Doc Rivers says Clippers focus is defense, not offensive rebounding
Despite having a pair of incredible rebounders in Blake Griffin and DeAndre Jordan, the L.A. Clippers were ranked 29th in the NBA with just 8.8 offensive rebounds per game last year ahead of only Atlanta.
The Clippers started their season off against a couple of solid rebounding teams in the Blazers and Jazz. Playing against the likes of Mason Plumlee, Rudy Gobert, and Derrick Favors early on is never easy, but it does force L.A. to come out ready right away.
In their season opener in Portland on Thursday, the Clippers grabbed a whopping 15 offensive rebounds. The Olympic Gold Medalist in Jordan had seven, Griffin added five, and recent offseason addition Marreese Speights grabbed two. L.A. then played the Jazz on Sunday, where they grabbed another 14 offensive rebounds led by Jordan’s six.
With the Clippers crashing the glass so hard and coming up successful on Thursday, it brings up an interesting question: should the Clippers focus more or less on crashing the offensive glass? During Saturday’s practice, head coach Doc Rivers said the Clippers value offensive rebounding, but that defense and defensive rebounding are their priorities.
“We’ve always talked about it (offensive rebounding),” said Rivers. “We really have. What we always have said is that if you’re in the paint, go after the offensive rebound. When you’re out of the paint, get back.
“In my opinion where teams make mistakes is they have guys crashing from the corners, and if they don’t get it, its a fast break the other way. The offensive rebounding is something we talk about every year, but defensive rebounding is what we have to be great at.”
For his career, Jordan averages 3.1 offensive rebounds per game, and he says he’ll continue to crash to create more opportunities for his team.
“I try to do it all the time.
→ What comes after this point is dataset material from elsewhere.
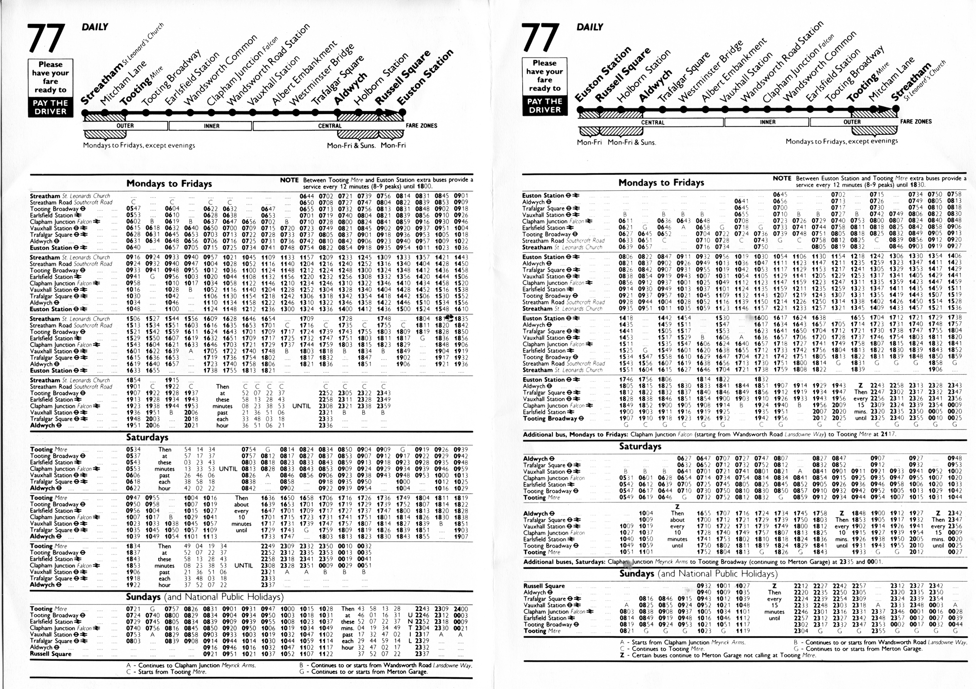 EUSTON (Mon-Fri except evgs) - Russell SQUARE (Suns) - ALDWYCH (Mon-Fri evgs/Sat) - TOOTING Mitre
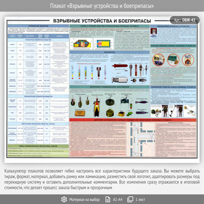 Плакат «Взрывные устройства и боеприпасы» (ОБЖ-42, 1 лист) в Озёрах купить

Anytime I can get us an extra possession or create a foul for our team, it’s going to help us out in the long run. If we can ever get any opportunity to get a second chance point, then yeah.”
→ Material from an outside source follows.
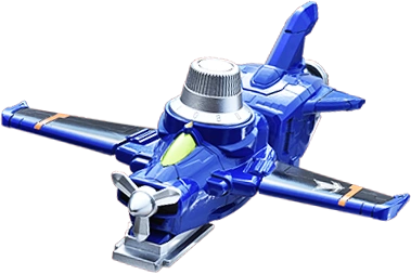 The Blue Dial Fighter (ブルーダイヤルファイター Burū Daiyaru Faitā) is the air racer-based Mecha of Lupin Blue. It forms the right arm of LupinKaiser and the second right arm of Good Cool Kaiser VSX. Its Attack Mode deploys its gatling gun. Its code is 2-6-0.

L.A. has had one of the better defenses in the NBA over the past couple of years, thanks in large part to the development of their defensive anchor in Jordan. However, having Jordan and Griffin hasn’t really helped put their offensive rebounding numbers at the top. In the 2014-15 season, L.A. ranked 28th in offensive rebounding and in 2015-16, they ranked 29th. It’s still early, but this year might be a different story as Jordan and the Clippers have gotten off to a tremendous start. He’s now pulled in a combined 13 offensive rebounds and the team has 29 offensive rebounds through the first two games of the season.
Coach Rivers doesn’t really care for the offensive rebounding numbers although he encourages his guys to crash the glass. That is, as long as their defense isn’t affected.
“That is not a focus. I want to be a better offensive rebounding team, don’t get me wrong. I’d rather not give up points the other way.
“Blake, DJ, Mo, or even Austin or CP. Doesn’t matter, if they’re under the basket, we want you to go after it. If you don’t get it, you gotta get back.”
So far, the increase in offensive rebounding against a couple of solid rebounding teams has resulted in wins for the team. It’ll surely be interesting to see if L.A. can continue to rebound like this as the season goes on. If it keeps resulting in wins, will Rivers change his mind to consider making offensive rebounding a focus?